- Portrayed by: Leighton Cardno
- Duration: 2001–2003
- First appearance: 14 March 2001
- Last appearance: 25 August 2003
- Created by: Jason Daniel
- Introduced by: Simon Bennett

= Adam Heywood =

Fictional character

Adam Heywood is a fictional character in the New Zealand soap opera Shortland Street who was portrayed by Leighton Cardno from early 2001 until mid-2003.

==Creation and casting==
In 2000 an Australian consultant made several large changes to the show that would see a more working class hospital portrayed. Adam and his mother, Barb and brother, Marshall were introduced through the revamp. As part of the revamp, producers wished for a more community based cast with established family links, mimicking the past presence of the Warner and McKenna families. The Heywood's were created to fulfill this role. Leighton Cardno auditioned for the role and quickly won it. He had little expectations but quickly found he loved the job and relished the opportunity. Cardno was also acting in a series based for teenagers called Being Eve and as such, Adam was portrayed with long dirty hair, something the character would traditionally not have. Although Cardno enjoyed his time on the show, upon arrival he decided to only stay short term so as not to become a "Ken Barlow".

==Storylines==
Adam arrived to Ferndale alongside his mother Barb (Annie Whittle) and brother Marshall (Paul Reid). He got a job at the hospital and briefly dated Rachel McKenna (Angela Bloomfield) before a brief fling with Robyn Stokes (Kirstie O'Sullivan) which ended when she slept with Marshall. He started a romance with Toni Thompson (Laura Hill). However Adam discovered he was in love with Waverley (Claire Chitham), only to end up sleeping with Toni again. He and Waverley finally got together as the year ended.
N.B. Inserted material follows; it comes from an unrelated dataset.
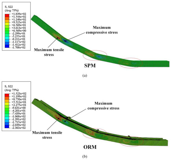 In the longitudinal direction, the residual stresses distribution of the SPM and the ORM after bending and springback at the end of the simulations are shown in Figure 12. The distribution is consistent with the research results of literature [36,37]. Namely, springback relaxes a large amount of stress and causes the tensile and compressive stresses to have their largest values near the neutral layer.

Waverley eventually dumped Adam and he returned to Toni. But Toni dumped Adam and he attempted to sabotage her wedding to Matt McAllister (Roy Snow). Adam was stabbed by Victor's (Calvin Tuteao) nemesis, Kurt. Adam survived the stabbing but developed a reliance on his medication. Adam reunited with Toni in the aftermath of his addiction but the two broke up indefinitely before Adam departed to the United States.

==Character development==

===Characterisation===
Upon arrival, Adam was labelled the most responsible of the Heywood family and someone wiser than his years. The character's debut year set up the characters initial characterisation but the following year, Adam vastly changed with Cardno stating; "all the strengths of Adam that they established in the first year, this year they flipped around and used them against them. So for someone who was confident and supportive, he's become controlling, dominant and stuck in his ways." Cardno enjoyed portraying the darker side of the character saying; "It's interesting to move towards playing the dark aspects of a person. I felt like last year I was more or less a function, the nice guy. I felt [this year] like I've been exploring new territory, going into areas that were interesting and challenging. That's when it starts to become fun."

==Reception==
Upon arrival, Cardno opted that the Heywood family unit would be a positive for Shortland Street, stating; "We're people you can relate to. We're the middle-class striving family, never learning lessons. We're good for the Street." Adam's declaration of love towards Waverley Wilson was viewed on positively, something producer – Harriet Crampton, believed was due to it being unexpected. After Adam was stabbed in the 2002 cliffhanger, a phone poll was taken and a majority of voters hoped Adam would not survive.